In a previous blog, I wrote that natural language processing (NLP) technology “permits an interactive question-driven experience that mimics in a sense, the human experience of discovery.” I argued that the process of interacting with NLP mimics the process of analysis itself, whereby one interrogates oneself, one’s peers, and the surrounding world.
The benefit as I see it is two-fold. A person can ask a simple question—“What is the rate of violent crime in the Seattle metropolitan area?”—and get a simple answer: 6.33 incidents of violent crime per 1,000 residents. (Data is valid for 2017; figures for 2018 are unavailable.) Perhaps that’s all she needs; maybe she needs more, however. Maybe she wants to isolate or control for one or more dependent variables: say, for example, education, employment, and income, along with wild cards, such as environment-specific factors. She might find a positive correlation between neighborhoods that have high rates of violent crime and neighborhoods that have high rates of unemployment, low incomes, and low rates of educational attainment.

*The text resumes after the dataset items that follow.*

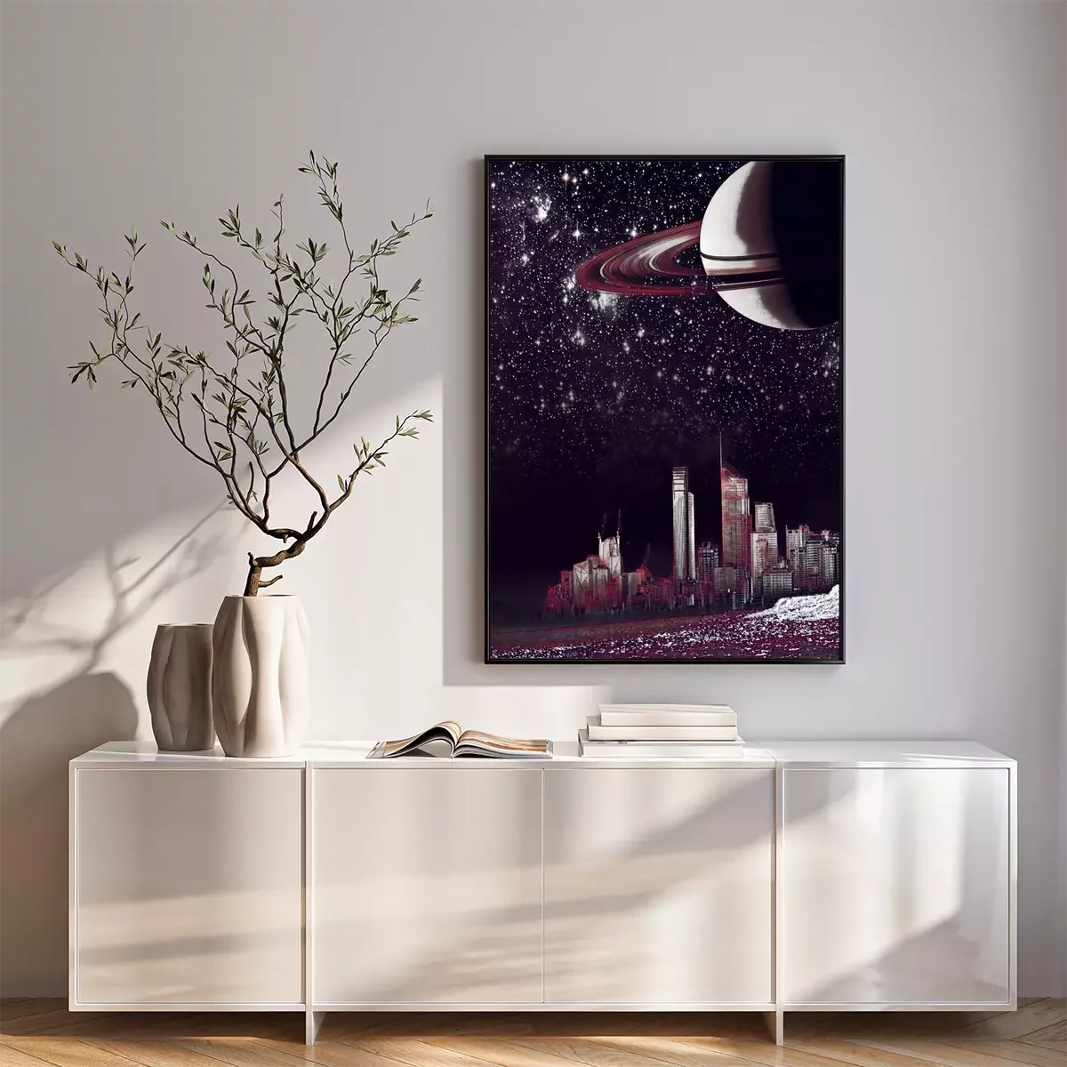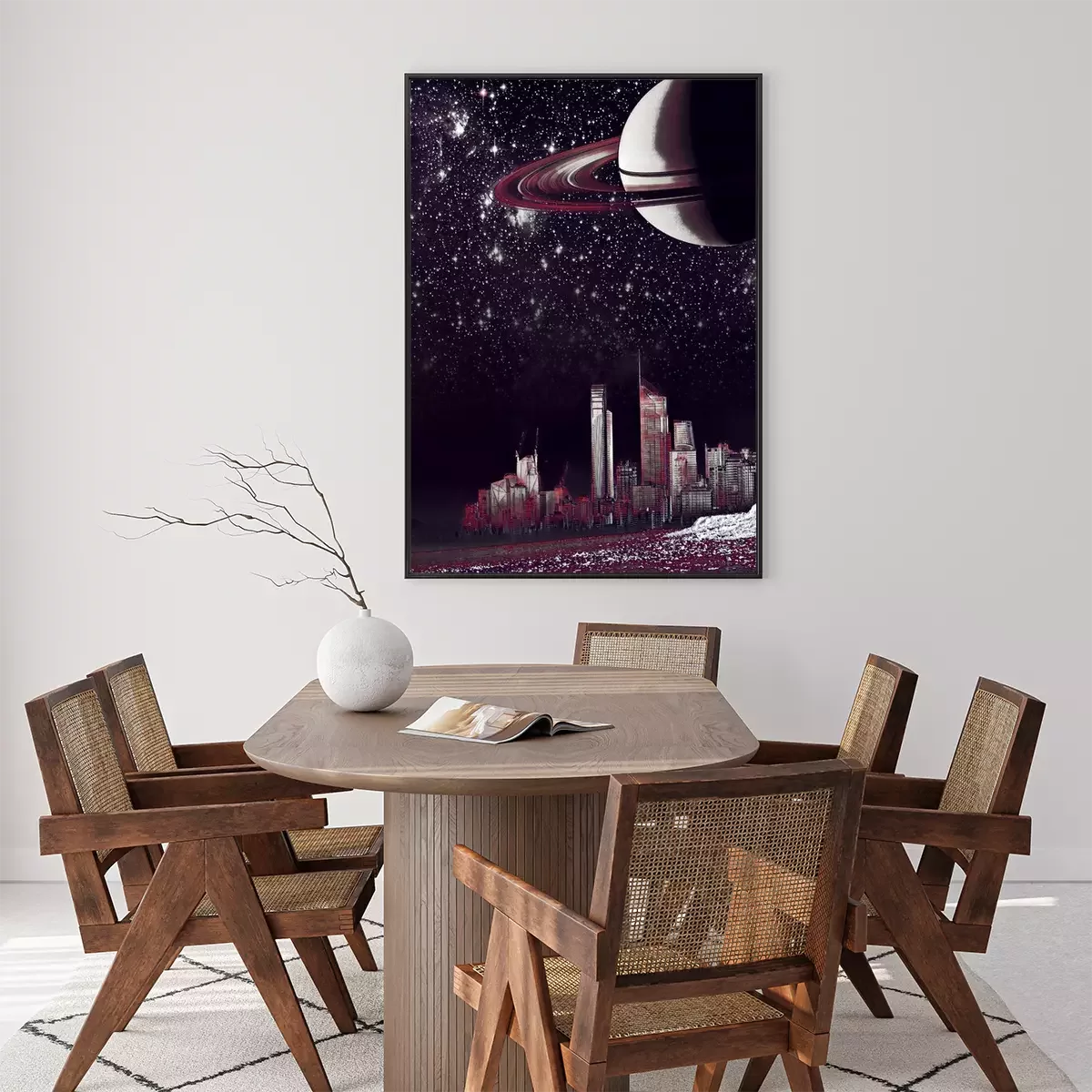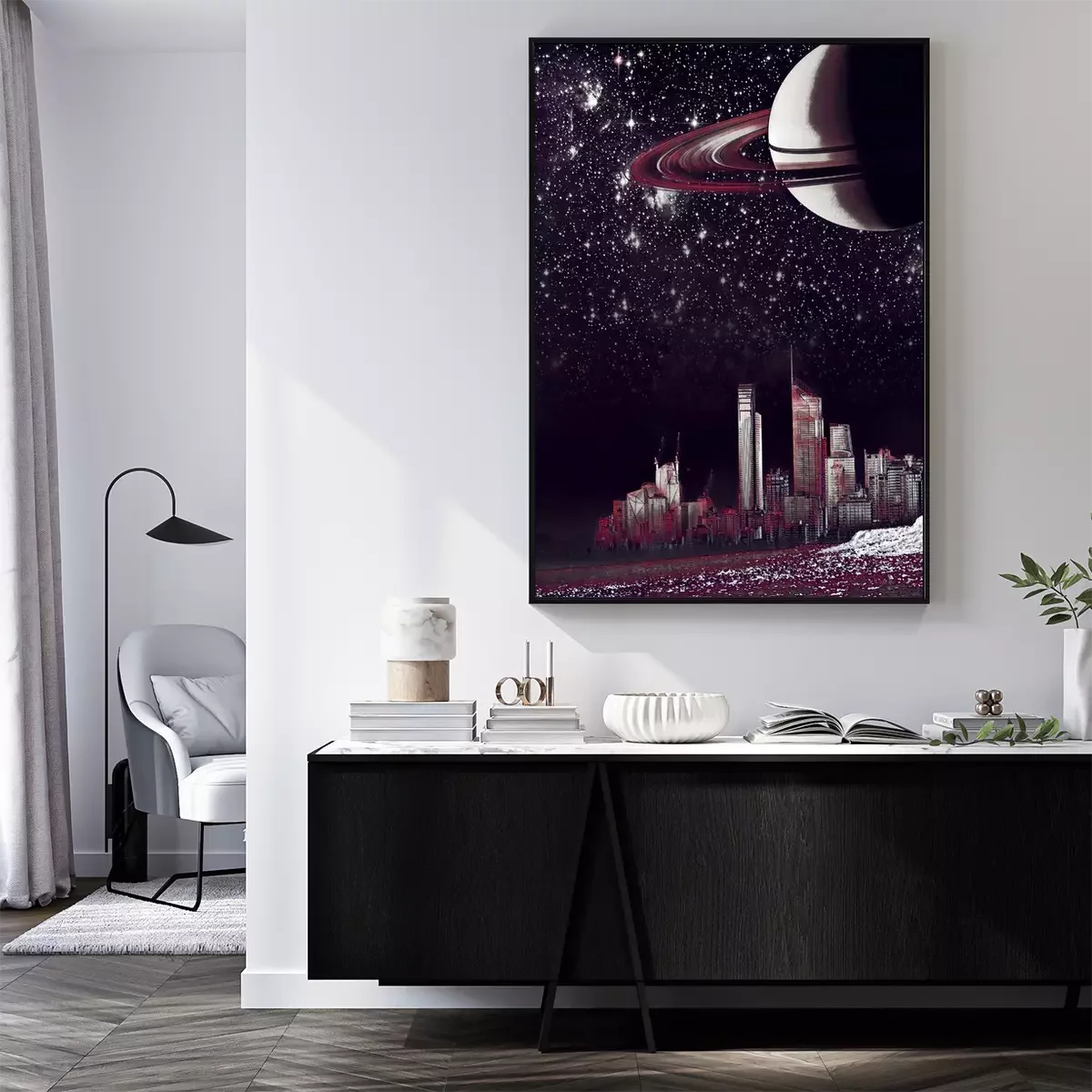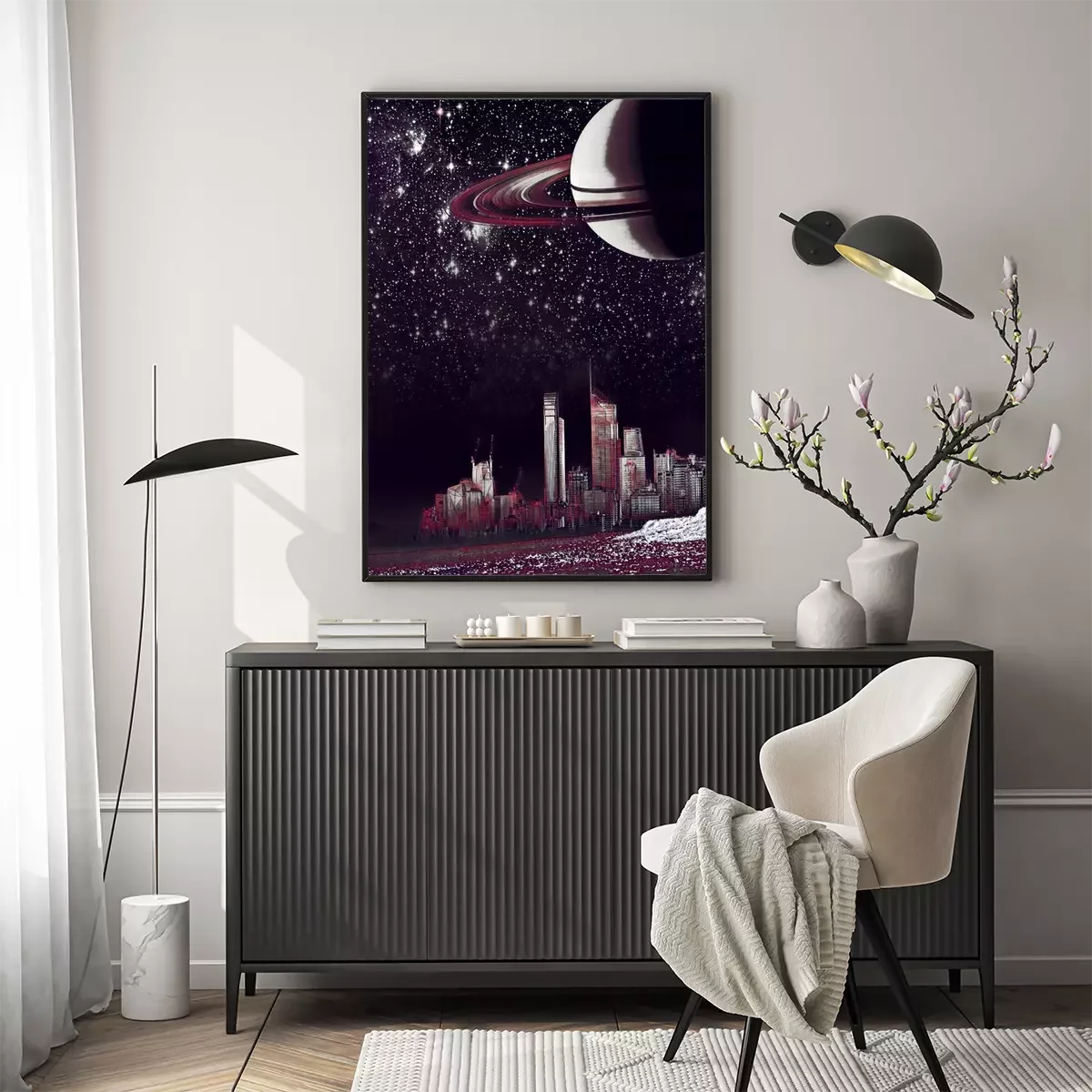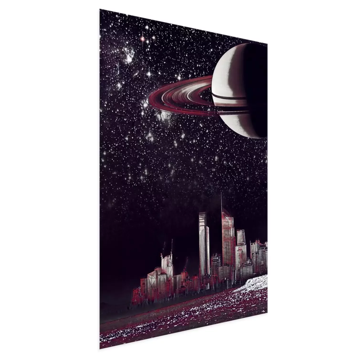 Poster: Stad 's nachts in het licht van de planeet
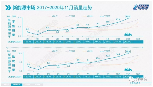 国内11月新能源汽车销售也延续高增长,乘联会数据显示,11月新能源车零售16.9万辆,同比增量9.7万辆,同比增速136.5%,乘用车零售市场渗透率8.0%,成为乘用车零售增长核心动力。
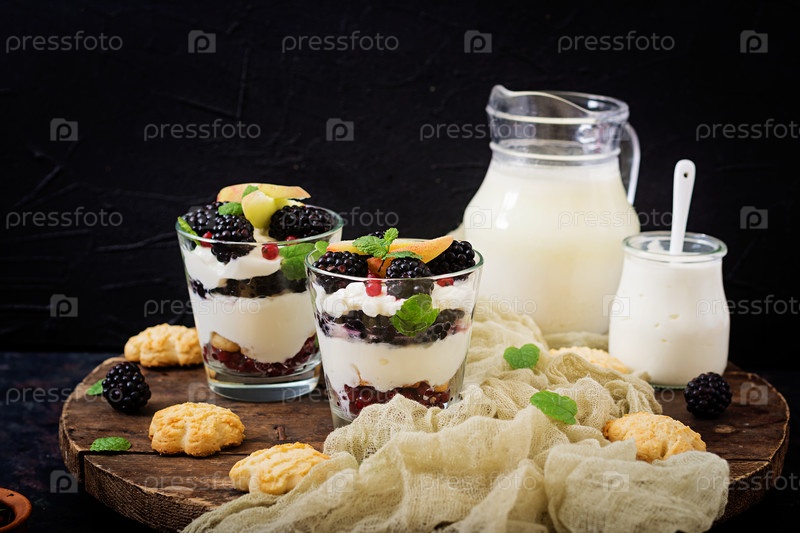 Сливочный десерт - тирамису с ежевикой и красной смородиной
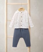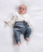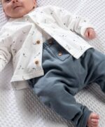 Ez a papírsárkányos mintás, háromrészes szett megkönnyíti a mindennapi öltöztetést. A kabát hosszú raglánujjú, gombos záródású, foltzsebekkel ellátott. A rövidujjú body puha, elasztikus pamutból készült, borítéknyakkal és a lábak között patentos rögzítéssel. A szett hozzáillő nadrága gumis derekú, díszgombokkal és oldalzsebekkel.
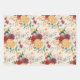 Beautiful boho-inspired wrapping paper sheets featuring vintage watercolor flowers mixed with greenery foliage and elegant pampas grass in various shades of red, blush, yellow and green.
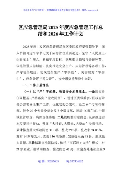 / 区应急管理局2025年度应急管理工作总结和2026年工作计划
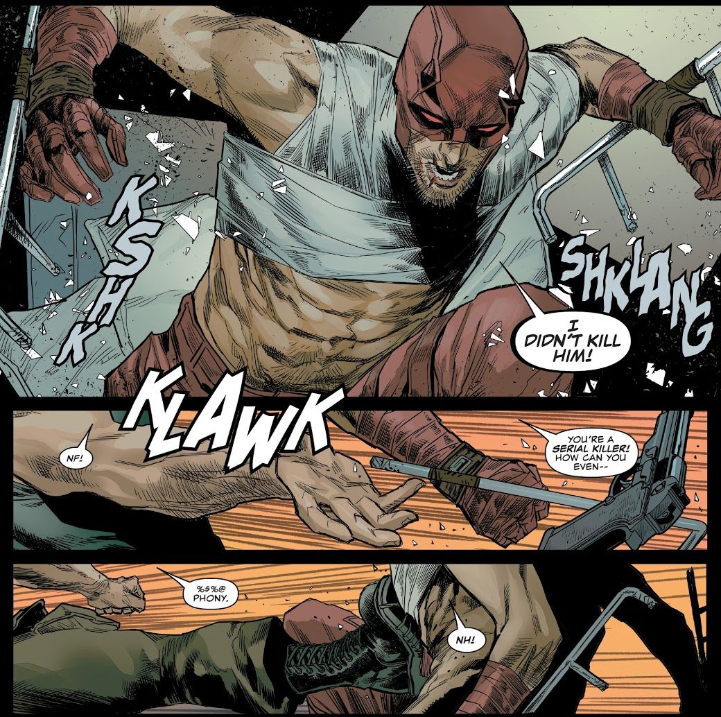 We've seen a Daredevil accused of killing a henchman, and suffering the consequences from Mayor Fisk, the police and more. With a Matt Murdock protesting his innocence – like this.
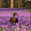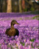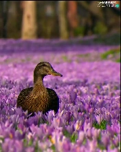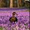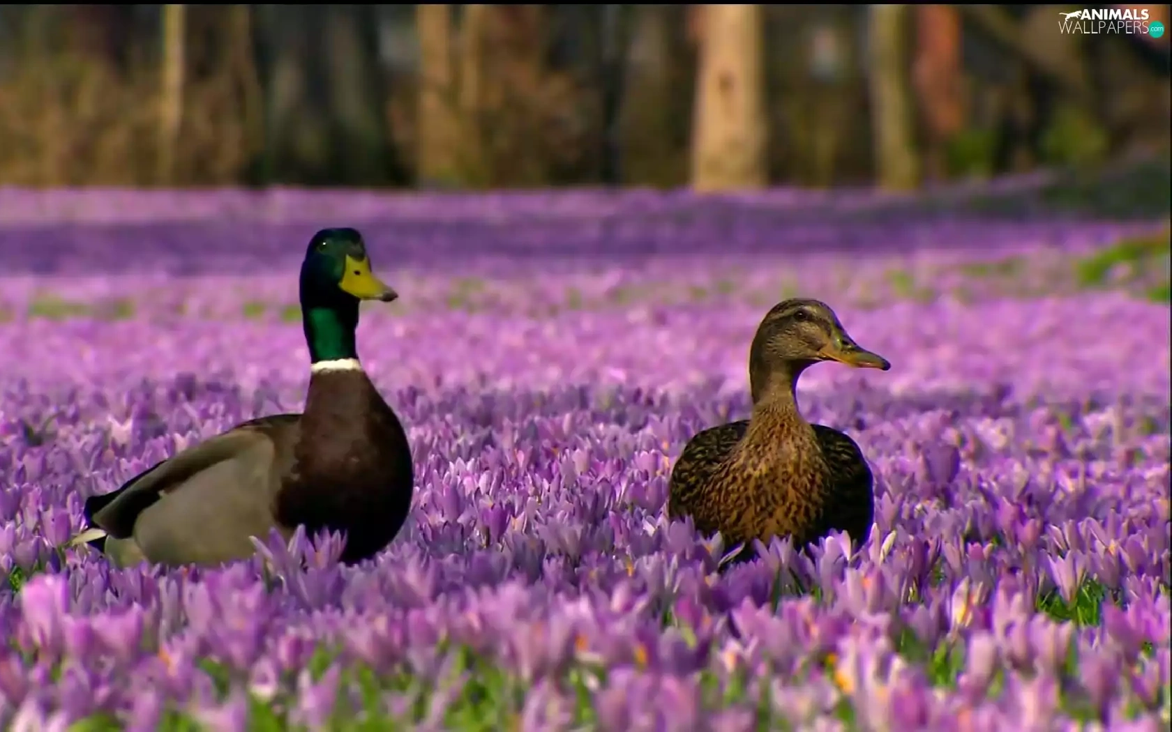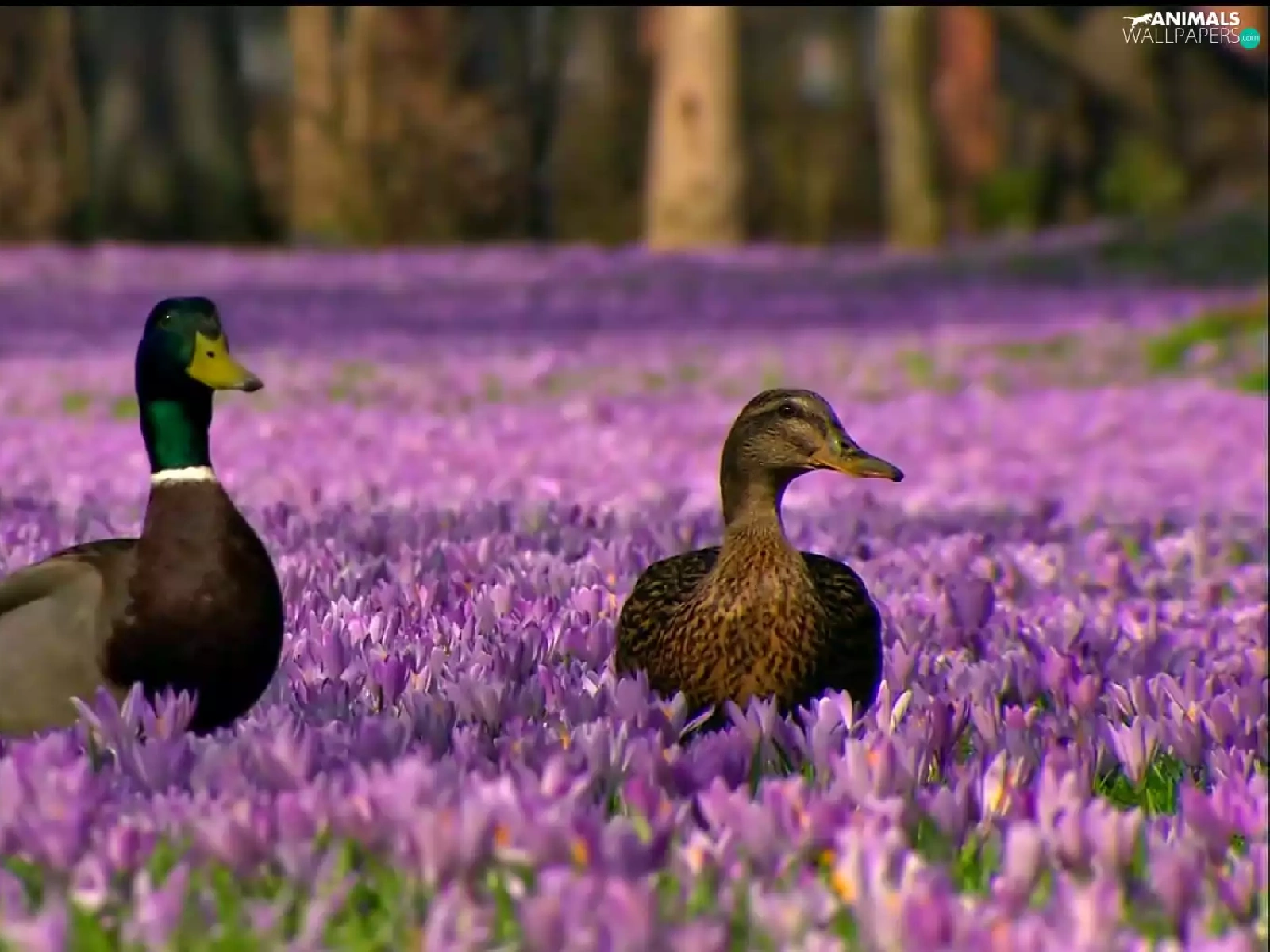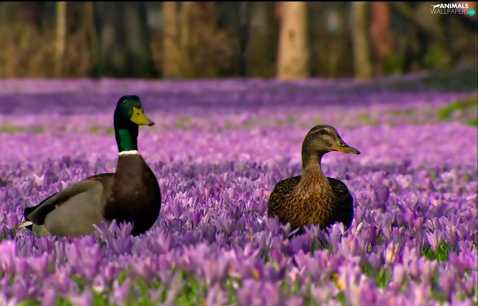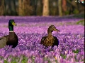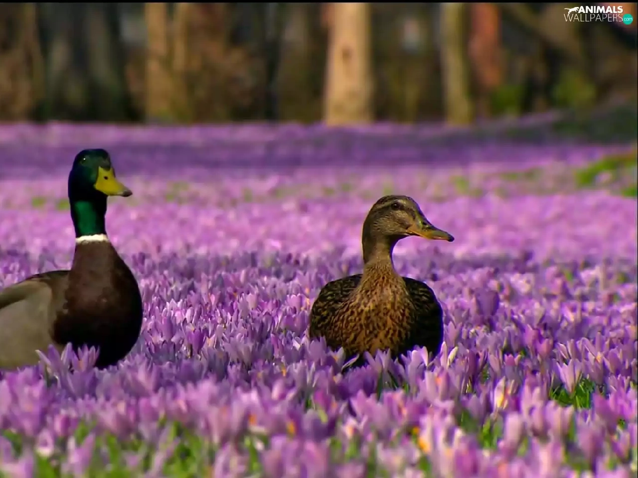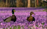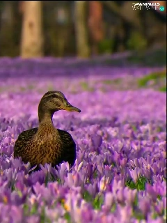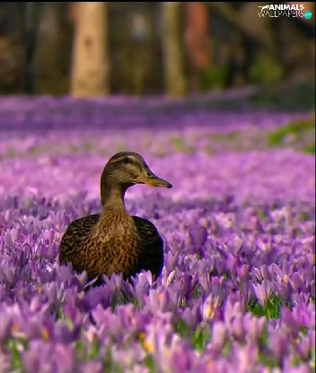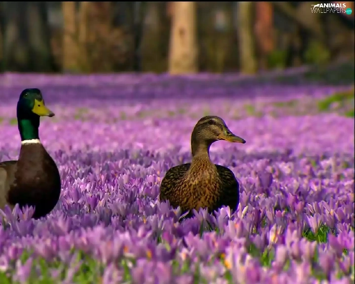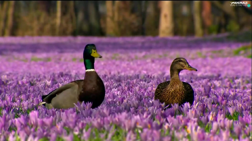 Two, ducks, Flowers, crocuses, purple

But she might discover something else: namely, that a fourth variable—i.e., higher-than-normal blood lead levels in children—is in the mix, too. It isn’t just that low-income neighborhoods with high rates of unemployment and low rates of educational attainment tend to have high rates of violent crime, it’s that they also tend to have high rates of lead contamination. This doesn’t so much lead her to a conclusion—e.g., (low-income) + (lack of education) + (high unemployment) = violent crime—as lead her to another inceptive question: is there a causal relationship between lead exposure and violent crime? The answer, she’ll discover, is an unqualified maybe. Neighborhoods or communities in which children have (or have had) abnormally high blood lead levels also tend to have abnormally high rates of violent crime.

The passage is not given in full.